The photomotor response (PMR) of zebrafish embryos, a light pulse-triggered undirected movement, is known to be altered by neuroactive chemicals.  Here, we developed an approach for data analysis of the distribution of PMR movement activities along the time axis; differences between treatment and respective controls are expressed by an aggregated value integrating the time-resolved density of the movement parameter as a measure for a chemically elicited PMR effect. Logistic concentration-PMR effect relationships were modeled for neuroactive test compounds with different modes of action (acetylcholinesterase inhibition, activation and inhibition of voltage-gated sodium channels); 50% effect concentrations (EC50) were in the low to medium µM range (EC50 10 µM for tricaine).

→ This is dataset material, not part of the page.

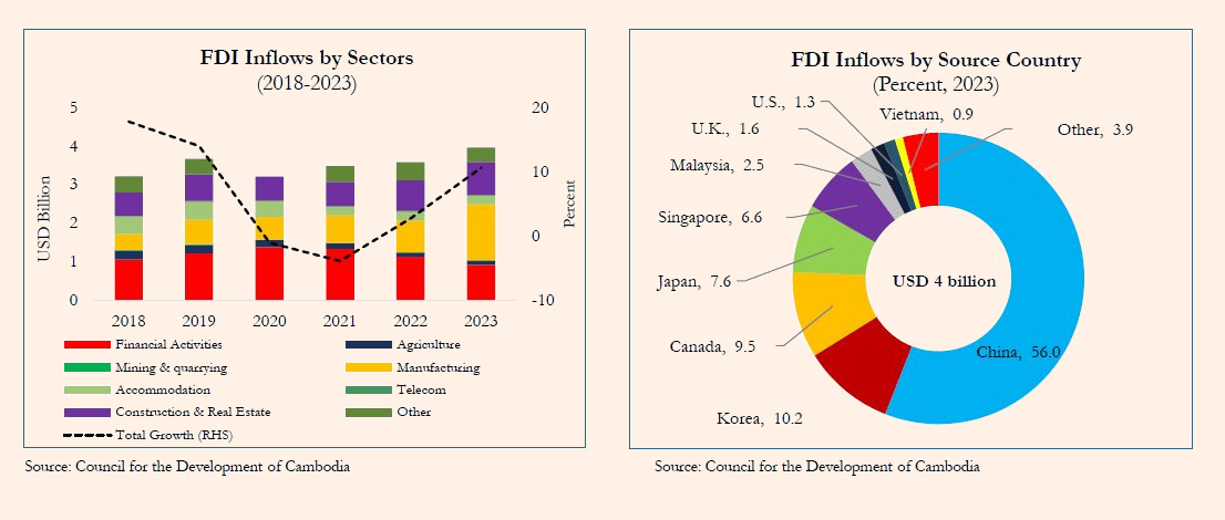 在东南亚,柬埔寨是一个很难被忽视的样本。世界银行的数据显示,按国际收支口径计算,柬埔寨在过去几年里每年吸引的外商直接投资净流入大致稳定在40–44亿美元之间,对应的FDI/GDP比重长期维持在9%左右。在低收入和中低收入经济体中,这种投资强度并不常见,即便在疫情冲击最严重的年份,这一比例也没有出现明显塌陷。正因如此,柬埔寨常常被描述为“外资高度成功的经济体”。

Modulation of movement activities in different phases of the PMR (i.e., "fingerprint") by neuroactive test compounds varied across concentrations showing that mode of action-specific PMR fingerprints are also concentration-dependent. Above 10% lethal concentrations causing 10% lethality (LC10; 48h) 3,4-dichloroaniline caused movement inhibition. This substance presumably is not neuroactive, its effect on the PMR therefore was considered as a secondary toxic effect. Quantitative morphological examinations of chemically exposed embryos showed that malformations occurred only above PMR effect concentrations, indicating that changes in the PMR were not due to such indirect effects. The PMR assay will provide useful measures in ecotoxicological risk assessment of neuroactive chemicals with zebrafish embryos and could potentially be used to infer acute fish toxicity levels from PMR effect concentrations of neurotoxic compounds.